Transportation funding faces key test after Mayor Lee flips on VLF increase UPDATED

Then-Gov. Arnold Schwarzenegger slashed the VLF, and now Mayor Ed Lee won't let San Franciscans raise it this year.

Facing a deadline of tomorrow’s [Tues/10] San Francisco Board of Supervisors meeting to introduce measures for the November ballot, advocates for addressing the city’s massive long-term transportation funding gap still hope to introduce an increase in the local vehicle license fee, even though the once-supportive Mayor Ed Lee has gotten cold feet.

While Lee and all 11 of the supervisors support a $500 million general obligation bond that would mostly go toward capital improvements for Muni — a measure almost certain to be approved by its July 22 deadline — the local VLF was originally presented by Lee as a companion measure to fund Muni, street resurfacing, and bike and pedestrian safety improvements.

But when Lee got spooked by a poll in December showing 44 percent voter approval for increasing the VLF and the need to actually do some campaigning for the measure, he withdrew his support and left cycling, streets, and safety all severely underfunded. A report last year by the Mayor’s Transportation Task Force pegged the city’s transportation infrastructure needs at $10.1 billion over 15 years, recommending just $3 billion in new funding to meet that need, including the embattled VLF measure.

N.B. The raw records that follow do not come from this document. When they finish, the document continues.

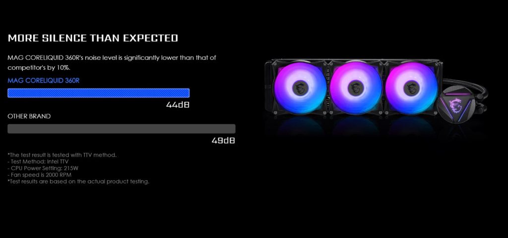 MSI también ha compartido algunas cifras de rendimiento aunque no de temperatura sino en cuanto a nivel de ruido. En este caso recalcan que el modelo de 360mm es hasta 10% más silencioso que la competencia. Aquí es interesante ver que MSI quiere vender sus watercooling AIO como lo más silenciosos y no como los más eficientes en disipación de calor. Quizás nos estamos equivocando.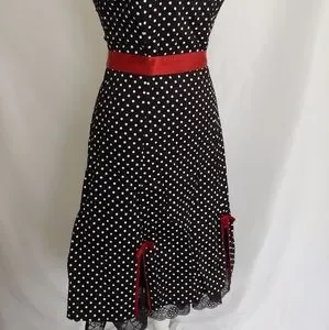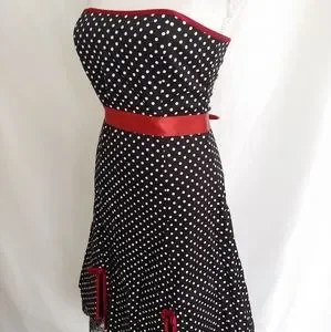 Like New. Worn once. Black strapless a line pinup vintage 1950's dress with white polka dots & red trimming details. Bottom of the dress has a black lining with lace detailing. Zipper on back. Red ribbon on waist is an addition I made. It is not original to the dress. Reasonable offers considered. Smoke free home.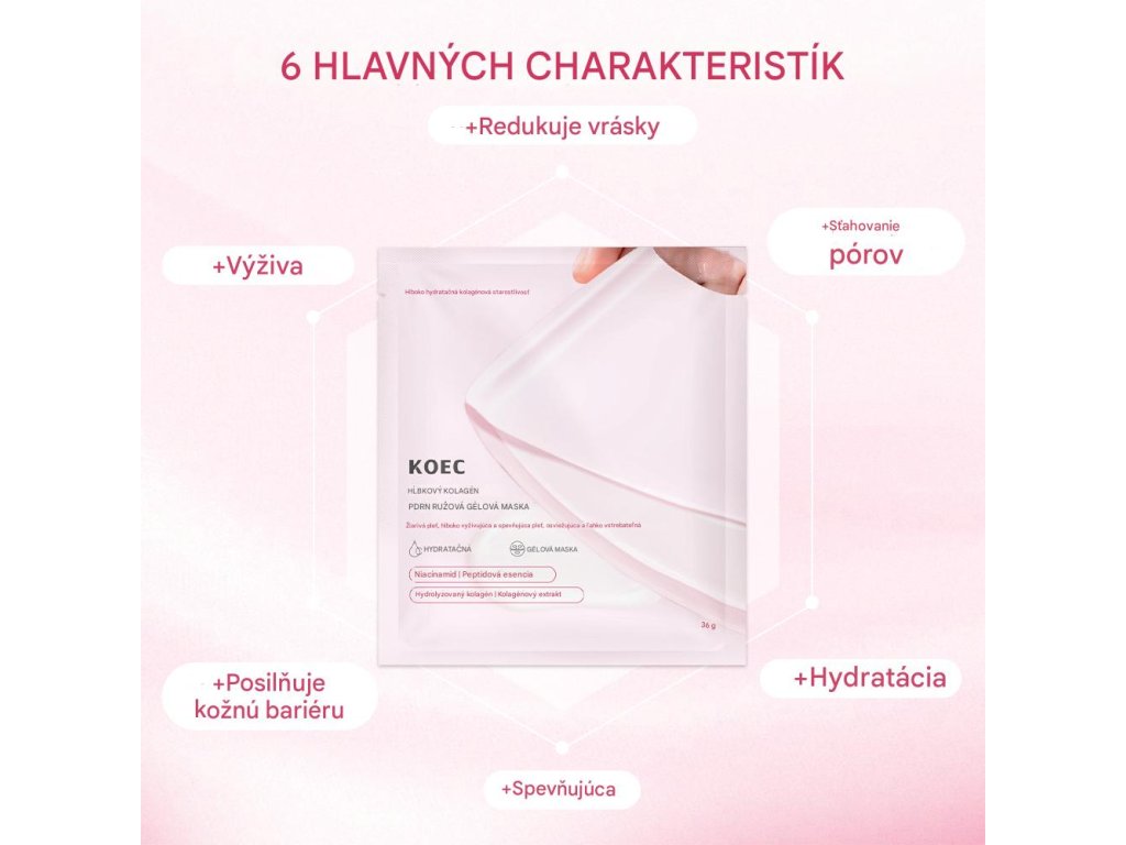KOEC Pink PDRN Collagen Jelly Mask spája silu kolagénu s moderným aktívom PDRN — vysoko účinným regeneračným komplexom, ktorý podporuje obnovu buniek, urýchľuje hojenie pokožky a zlepšuje jej pružnosť.

“It’s important for us to move forward with the local VLF,” Sup. Scott Wiener, who has taken the lead on ensuring local term transportation funding, told the Guardian. “If this is not the right election, then we have to say which election we will move this forward.”

But so far, Wiener hasn’t gotten a commitment from the Mayor’s Office, with which he says he’s still in active talks. The Mayor’s Office also hasn’t returned Guardian calls on the issue. If Wiener doesn’t get an assurance that the VLF will go before voters, then he says that he’ll push another fall ballot measure that he introduced May 20, which would increase the city General Fund contribution to Muni as the population increases, retroactive to 10 years ago (thus creating an initial increase of more than $20 million annually).

“It would be in lieu of the VLF, not in addition to it,” Wiener said the rival measure, noting that he prefers the local VLF, a stable and equitable funding source that wouldn’t cut into other city priorities. [UPDATE 6/10: Wiener said he received a commitment from Lee to place the VLF increase on the 2016 ballot, so he is dropping his measure to increase Muni funding as the population increases].

Sen. Mark Leno spent about 10 years winning approval for the authorizing state legislation that authorizes San Franciscans to increase the VLF, enduring two governors’ vetoes along the way before getting Gov. Jerry Brown to sign it into law last year.

Wiener notes that the measure would increase the VLF in San Francisco to 2 percent, restoring it its longtime level before Arnold Schwarzenegger used a VLF reduction as a campaign issue to get elected governor, slashing it to 0.65 percent in 2003.

“That action by Gov. Schwarzenegger has deprived California of about $8 billion per year,” Wiener told us. “This is not some newly minted fee, it restores the VLF to what it was going back to the ‘50s.”

San Francisco Bicycle Coalition Director Leah Shahum said she was disappointed that Lee didn’t follow through on his commitment to fund bike and pedestrian safety improvements through the local VLF, but she said there is wide support on the board for the measure.

“Tomorrow is the big day, but we’re hearing real strong support for the measure,” Shahum told us. “I feel strongly there will be eight supervisors committed to introducing the measure.”

That two-thirds vote threshold is part of the legislation that enabled San Francisco to increase its VLF, but Shahum said she believes there is that level of support on the board for doing the VLF increase this year, which the SFBC would actively campaign for.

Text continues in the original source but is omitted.